■ **Records from a dataset**
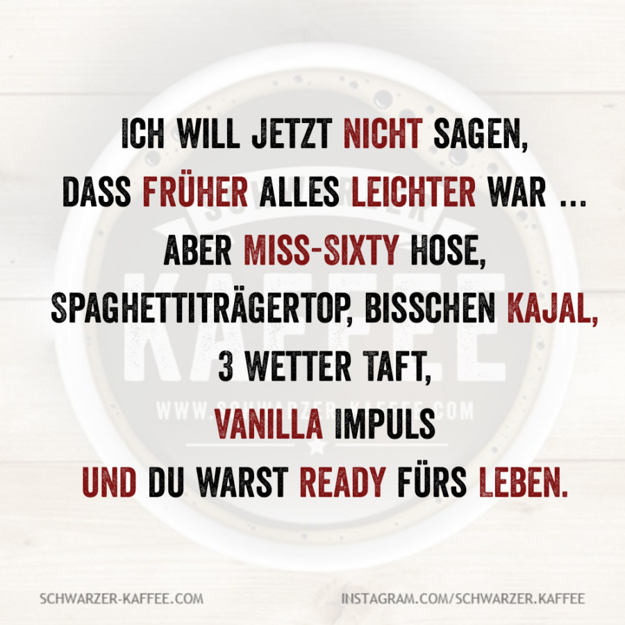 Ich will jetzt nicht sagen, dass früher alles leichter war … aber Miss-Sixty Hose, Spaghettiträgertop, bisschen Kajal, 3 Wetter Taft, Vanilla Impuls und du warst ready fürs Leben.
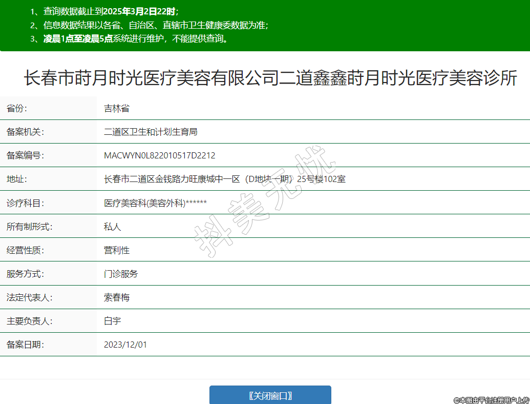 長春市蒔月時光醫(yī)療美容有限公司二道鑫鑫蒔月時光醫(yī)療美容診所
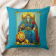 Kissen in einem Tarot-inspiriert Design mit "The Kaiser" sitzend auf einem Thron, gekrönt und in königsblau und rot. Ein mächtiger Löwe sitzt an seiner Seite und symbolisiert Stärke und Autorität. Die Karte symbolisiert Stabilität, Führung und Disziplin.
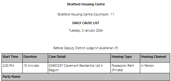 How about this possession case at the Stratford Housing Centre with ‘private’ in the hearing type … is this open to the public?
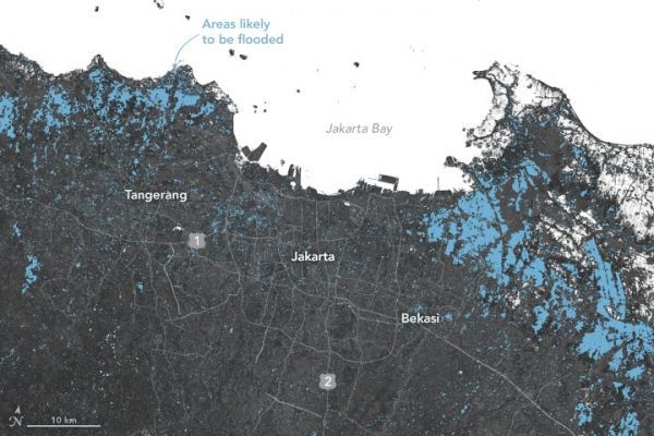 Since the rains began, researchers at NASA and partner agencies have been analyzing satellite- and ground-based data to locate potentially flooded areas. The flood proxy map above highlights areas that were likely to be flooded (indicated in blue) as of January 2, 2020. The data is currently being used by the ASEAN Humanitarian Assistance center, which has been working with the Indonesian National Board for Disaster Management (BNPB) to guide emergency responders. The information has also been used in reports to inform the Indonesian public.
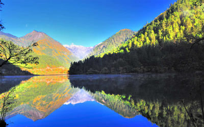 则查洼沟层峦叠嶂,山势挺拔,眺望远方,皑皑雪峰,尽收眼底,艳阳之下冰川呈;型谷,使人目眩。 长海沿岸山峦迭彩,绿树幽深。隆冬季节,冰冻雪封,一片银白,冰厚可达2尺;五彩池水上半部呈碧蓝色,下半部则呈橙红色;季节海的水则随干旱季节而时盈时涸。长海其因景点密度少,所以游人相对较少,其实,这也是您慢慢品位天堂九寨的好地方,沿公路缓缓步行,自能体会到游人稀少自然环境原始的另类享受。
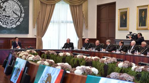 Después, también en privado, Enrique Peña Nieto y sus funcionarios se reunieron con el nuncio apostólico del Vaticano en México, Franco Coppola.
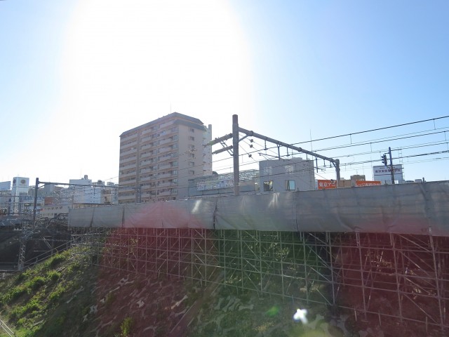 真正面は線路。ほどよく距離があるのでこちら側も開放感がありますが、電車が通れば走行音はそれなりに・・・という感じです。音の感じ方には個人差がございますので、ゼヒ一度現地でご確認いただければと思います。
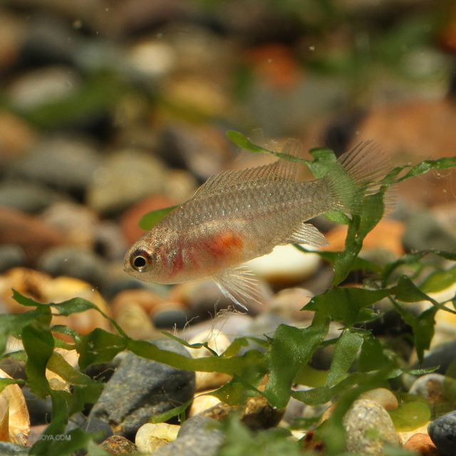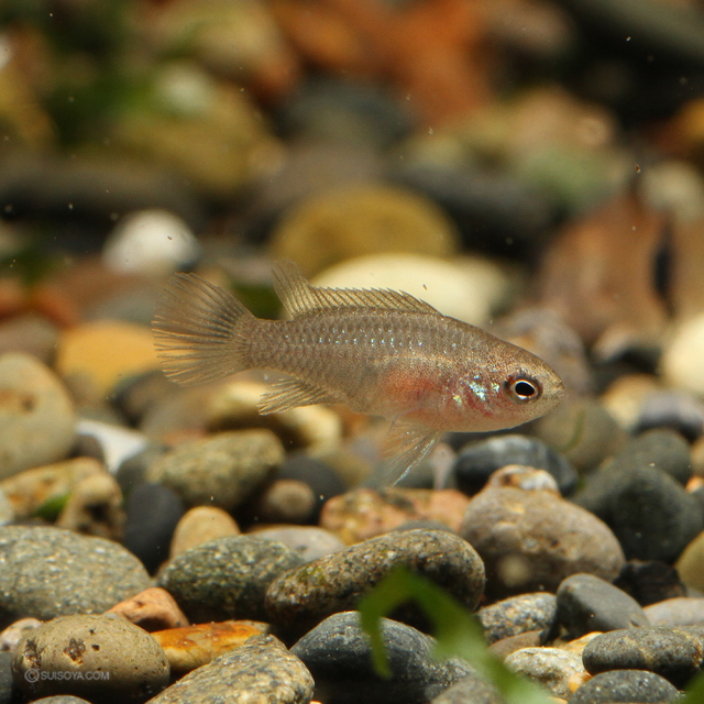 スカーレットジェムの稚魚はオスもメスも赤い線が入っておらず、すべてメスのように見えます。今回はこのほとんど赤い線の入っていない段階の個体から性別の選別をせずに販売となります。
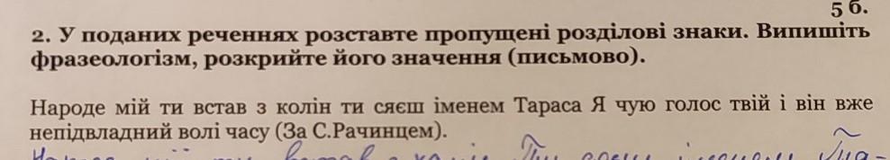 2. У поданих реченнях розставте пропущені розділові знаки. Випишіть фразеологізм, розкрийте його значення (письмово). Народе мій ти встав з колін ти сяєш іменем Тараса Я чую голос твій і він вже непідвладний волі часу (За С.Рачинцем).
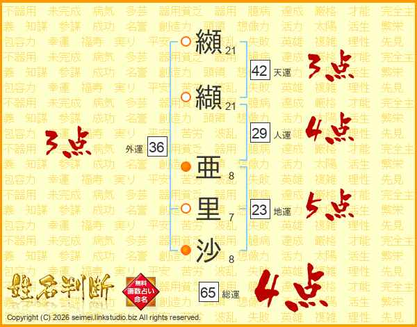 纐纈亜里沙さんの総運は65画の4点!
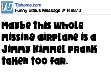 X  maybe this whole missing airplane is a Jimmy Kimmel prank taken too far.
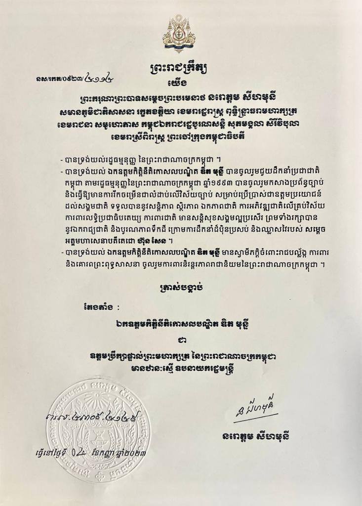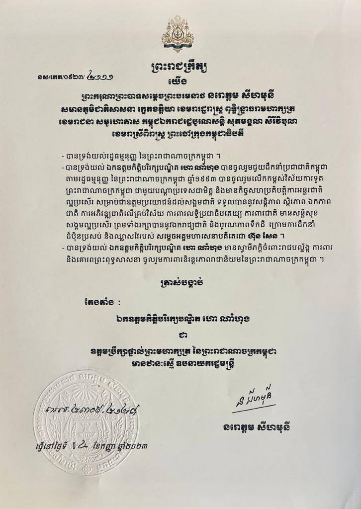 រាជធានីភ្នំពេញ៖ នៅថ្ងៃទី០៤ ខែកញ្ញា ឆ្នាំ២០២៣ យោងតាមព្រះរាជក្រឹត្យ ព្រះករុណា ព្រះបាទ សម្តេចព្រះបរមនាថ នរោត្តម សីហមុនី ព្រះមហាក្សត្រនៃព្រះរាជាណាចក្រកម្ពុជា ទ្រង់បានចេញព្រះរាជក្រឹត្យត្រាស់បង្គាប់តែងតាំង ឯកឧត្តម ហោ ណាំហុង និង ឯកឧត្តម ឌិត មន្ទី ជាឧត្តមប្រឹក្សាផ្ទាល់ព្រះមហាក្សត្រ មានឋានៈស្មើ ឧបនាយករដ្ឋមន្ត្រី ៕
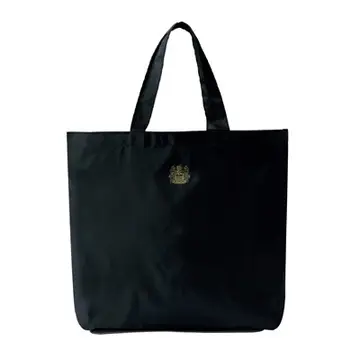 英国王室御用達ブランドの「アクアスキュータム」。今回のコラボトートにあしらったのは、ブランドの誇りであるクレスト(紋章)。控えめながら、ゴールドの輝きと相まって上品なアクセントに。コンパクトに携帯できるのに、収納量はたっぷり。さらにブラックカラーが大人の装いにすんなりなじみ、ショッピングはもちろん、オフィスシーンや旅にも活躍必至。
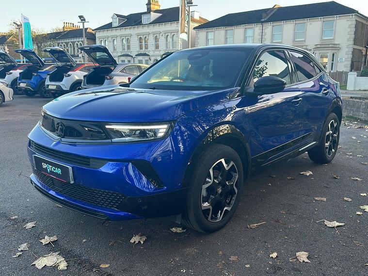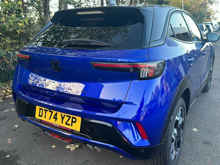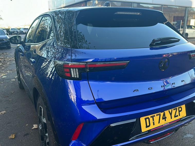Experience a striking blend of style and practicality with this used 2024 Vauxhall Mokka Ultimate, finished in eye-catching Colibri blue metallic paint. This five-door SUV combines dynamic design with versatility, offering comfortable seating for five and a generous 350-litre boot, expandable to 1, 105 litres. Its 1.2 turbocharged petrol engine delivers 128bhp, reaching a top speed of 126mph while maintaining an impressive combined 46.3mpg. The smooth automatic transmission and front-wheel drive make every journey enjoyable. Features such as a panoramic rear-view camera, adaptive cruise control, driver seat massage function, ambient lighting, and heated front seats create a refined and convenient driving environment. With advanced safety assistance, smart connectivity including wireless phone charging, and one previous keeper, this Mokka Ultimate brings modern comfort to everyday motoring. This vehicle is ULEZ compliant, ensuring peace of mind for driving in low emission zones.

■ **Task details**
Once the pictures are removed, set down what remains of the entries above exactly.

■ **Your solution**
 Ich will jetzt nicht sagen, dass früher alles leichter war … aber Miss-Sixty Hose, Spaghettiträgertop, bisschen Kajal, 3 Wetter Taft, Vanilla Impuls und du warst ready fürs Leben.
 長春市蒔月時光醫(yī)療美容有限公司二道鑫鑫蒔月時光醫(yī)療美容診所
 Kissen in einem Tarot-inspiriert Design mit "The Kaiser" sitzend auf einem Thron, gekrönt und in königsblau und rot. Ein mächtiger Löwe sitzt an seiner Seite und symbolisiert Stärke und Autorität. Die Karte symbolisiert Stabilität, Führung und Disziplin.
 How about this possession case at the Stratford Housing Centre with ‘private’ in the hearing type … is this open to the public?
 Since the rains began, researchers at NASA and partner agencies have been analyzing satellite- and ground-based data to locate potentially flooded areas. The flood proxy map above highlights areas that were likely to be flooded (indicated in blue) as of January 2, 2020. The data is currently being used by the ASEAN Humanitarian Assistance center, which has been working with the Indonesian National Board for Disaster Management (BNPB) to guide emergency responders. The information has also been used in reports to inform the Indonesian public.
 则查洼沟层峦叠嶂,山势挺拔,眺望远方,皑皑雪峰,尽收眼底,艳阳之下冰川呈;型谷,使人目眩。 长海沿岸山峦迭彩,绿树幽深。隆冬季节,冰冻雪封,一片银白,冰厚可达2尺;五彩池水上半部呈碧蓝色,下半部则呈橙红色;季节海的水则随干旱季节而时盈时涸。长海其因景点密度少,所以游人相对较少,其实,这也是您慢慢品位天堂九寨的好地方,沿公路缓缓步行,自能体会到游人稀少自然环境原始的另类享受。
 Después, también en privado, Enrique Peña Nieto y sus funcionarios se reunieron con el nuncio apostólico del Vaticano en México, Franco Coppola.
 真正面は線路。ほどよく距離があるのでこちら側も開放感がありますが、電車が通れば走行音はそれなりに・・・という感じです。音の感じ方には個人差がございますので、ゼヒ一度現地でご確認いただければと思います。
 スカーレットジェムの稚魚はオスもメスも赤い線が入っておらず、すべてメスのように見えます。今回はこのほとんど赤い線の入っていない段階の個体から性別の選別をせずに販売となります。
 2. У поданих реченнях розставте пропущені розділові знаки. Випишіть фразеологізм, розкрийте його значення (письмово). Народе мій ти встав з колін ти сяєш іменем Тараса Я чую голос твій і він вже непідвладний волі часу (За С.Рачинцем).
 纐纈亜里沙さんの総運は65画の4点!
 X  maybe this whole missing airplane is a Jimmy Kimmel prank taken too far.
 រាជធានីភ្នំពេញ៖ នៅថ្ងៃទី០៤ ខែកញ្ញា ឆ្នាំ២០២៣ យោងតាមព្រះរាជក្រឹត្យ ព្រះករុណា ព្រះបាទ សម្តេចព្រះបរមនាថ នរោត្តម សីហមុនី ព្រះមហាក្សត្រនៃព្រះរាជាណាចក្រកម្ពុជា ទ្រង់បានចេញព្រះរាជក្រឹត្យត្រាស់បង្គាប់តែងតាំង ឯកឧត្តម ហោ ណាំហុង និង ឯកឧត្តម ឌិត មន្ទី ជាឧត្តមប្រឹក្សាផ្ទាល់ព្រះមហាក្សត្រ មានឋានៈស្មើ ឧបនាយករដ្ឋមន្ត្រី ៕
 英国王室御用達ブランドの「アクアスキュータム」。今回のコラボトートにあしらったのは、ブランドの誇りであるクレスト(紋章)。控えめながら、ゴールドの輝きと相まって上品なアクセントに。コンパクトに携帯できるのに、収納量はたっぷり。さらにブラックカラーが大人の装いにすんなりなじみ、ショッピングはもちろん、オフィスシーンや旅にも活躍必至。
Experience a striking blend of style and practicality with this used 2024 Vauxhall Mokka Ultimate, finished in eye-catching Colibri blue metallic paint. This five-door SUV combines dynamic design with versatility, offering comfortable seating for five and a generous 350-litre boot, expandable to 1, 105 litres. Its 1.2 turbocharged petrol engine delivers 128bhp, reaching a top speed of 126mph while maintaining an impressive combined 46.3mpg. The smooth automatic transmission and front-wheel drive make every journey enjoyable. Features such as a panoramic rear-view camera, adaptive cruise control, driver seat massage function, ambient lighting, and heated front seats create a refined and convenient driving environment. With advanced safety assistance, smart connectivity including wireless phone charging, and one previous keeper, this Mokka Ultimate brings modern comfort to everyday motoring. This vehicle is ULEZ compliant, ensuring peace of mind for driving in low emission zones.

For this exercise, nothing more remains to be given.